Submitted to: Bioinformatics
Publication Type: Peer Reviewed Journal
Publication Acceptance Date: September 20, 2004
Publication Date: November 5, 2004
Citation: Nelson, R., Grant, D.M., Shoemaker, R.C. 2004. Estminer: a suite of programs for gene and allele identification. Bioinformatics. 21(5):691-693. Interpretive Summary: The hereditary material of many plants has undergone a doubling at some time during the plants evolution. This results in a doubling of all genes. Even though the genes gradually diverge over millions of years distinguishing the genes is not always easy. In this study the authors devsied methods to distinguish the hereditary code of closely related genes. They used a variety of pre-existing computer programs and relied upon hereditary sequences isolated from a single cultivar. The method they developed is adaptable by research groups with limited computer access. This information will be important to scientists studying the evolution of plant DNAs.

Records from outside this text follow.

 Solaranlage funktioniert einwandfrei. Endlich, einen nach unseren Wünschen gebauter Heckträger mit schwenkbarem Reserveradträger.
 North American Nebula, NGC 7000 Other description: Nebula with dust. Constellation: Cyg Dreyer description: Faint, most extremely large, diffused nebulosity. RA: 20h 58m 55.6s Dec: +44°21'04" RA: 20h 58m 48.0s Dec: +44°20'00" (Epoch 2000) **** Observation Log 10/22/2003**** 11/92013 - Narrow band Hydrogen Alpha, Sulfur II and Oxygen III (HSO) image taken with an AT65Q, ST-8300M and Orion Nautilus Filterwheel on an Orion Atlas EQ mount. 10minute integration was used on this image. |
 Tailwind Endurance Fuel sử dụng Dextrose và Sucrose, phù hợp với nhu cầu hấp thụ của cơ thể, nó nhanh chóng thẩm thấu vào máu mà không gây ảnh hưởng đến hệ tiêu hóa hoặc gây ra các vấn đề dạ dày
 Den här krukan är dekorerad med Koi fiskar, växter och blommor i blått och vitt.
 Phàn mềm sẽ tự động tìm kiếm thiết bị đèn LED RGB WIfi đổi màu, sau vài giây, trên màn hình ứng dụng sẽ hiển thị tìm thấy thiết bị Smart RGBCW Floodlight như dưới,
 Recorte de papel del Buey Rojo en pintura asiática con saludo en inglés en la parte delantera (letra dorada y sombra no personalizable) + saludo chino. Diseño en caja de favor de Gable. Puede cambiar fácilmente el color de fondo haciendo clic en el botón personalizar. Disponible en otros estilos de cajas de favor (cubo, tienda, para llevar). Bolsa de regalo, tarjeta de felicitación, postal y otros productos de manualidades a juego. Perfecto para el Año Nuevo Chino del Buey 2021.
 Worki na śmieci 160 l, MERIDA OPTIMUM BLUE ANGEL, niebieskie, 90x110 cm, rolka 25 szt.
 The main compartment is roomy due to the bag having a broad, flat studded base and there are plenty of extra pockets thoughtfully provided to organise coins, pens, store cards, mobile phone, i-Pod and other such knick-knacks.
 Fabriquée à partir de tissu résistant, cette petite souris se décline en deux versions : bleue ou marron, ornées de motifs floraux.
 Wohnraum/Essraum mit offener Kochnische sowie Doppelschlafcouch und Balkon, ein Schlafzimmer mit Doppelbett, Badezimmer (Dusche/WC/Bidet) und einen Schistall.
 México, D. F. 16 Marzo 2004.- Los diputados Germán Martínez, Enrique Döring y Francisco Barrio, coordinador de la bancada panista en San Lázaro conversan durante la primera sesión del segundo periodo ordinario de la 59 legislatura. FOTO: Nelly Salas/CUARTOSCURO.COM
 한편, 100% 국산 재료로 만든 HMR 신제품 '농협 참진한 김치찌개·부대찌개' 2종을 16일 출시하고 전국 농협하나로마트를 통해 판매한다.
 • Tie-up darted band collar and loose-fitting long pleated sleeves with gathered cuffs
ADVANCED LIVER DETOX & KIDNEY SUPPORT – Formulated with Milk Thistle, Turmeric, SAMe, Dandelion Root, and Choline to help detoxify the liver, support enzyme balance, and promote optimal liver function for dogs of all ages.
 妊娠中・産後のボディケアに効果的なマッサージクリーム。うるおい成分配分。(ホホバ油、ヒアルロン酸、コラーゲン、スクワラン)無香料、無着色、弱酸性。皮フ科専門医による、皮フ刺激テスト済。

Technical Abstract: ESTminer is a collection of programs that use expressed sequence tag (EST) data from inbred genomes to identify polymorphisms which define genes within gene families. The algorithm utilizes Cap3 to perform an initial clustering of related EST sequences to produce a consensus sequence of a gene family. These consensus sequences are then used to collect all ESTs in the original EST collection that are related using BLAST. A redundancy based criterion is applied to each polymorphism observed in an EST to identify reliable candidate gene-defining polymorphisms. Using a highly inbred genome as a source of ESTs eliminates the necessity of computing covariance on each polymorphism to identify alleles of the same gene making this algorithm computationally less intensive than other alternatives.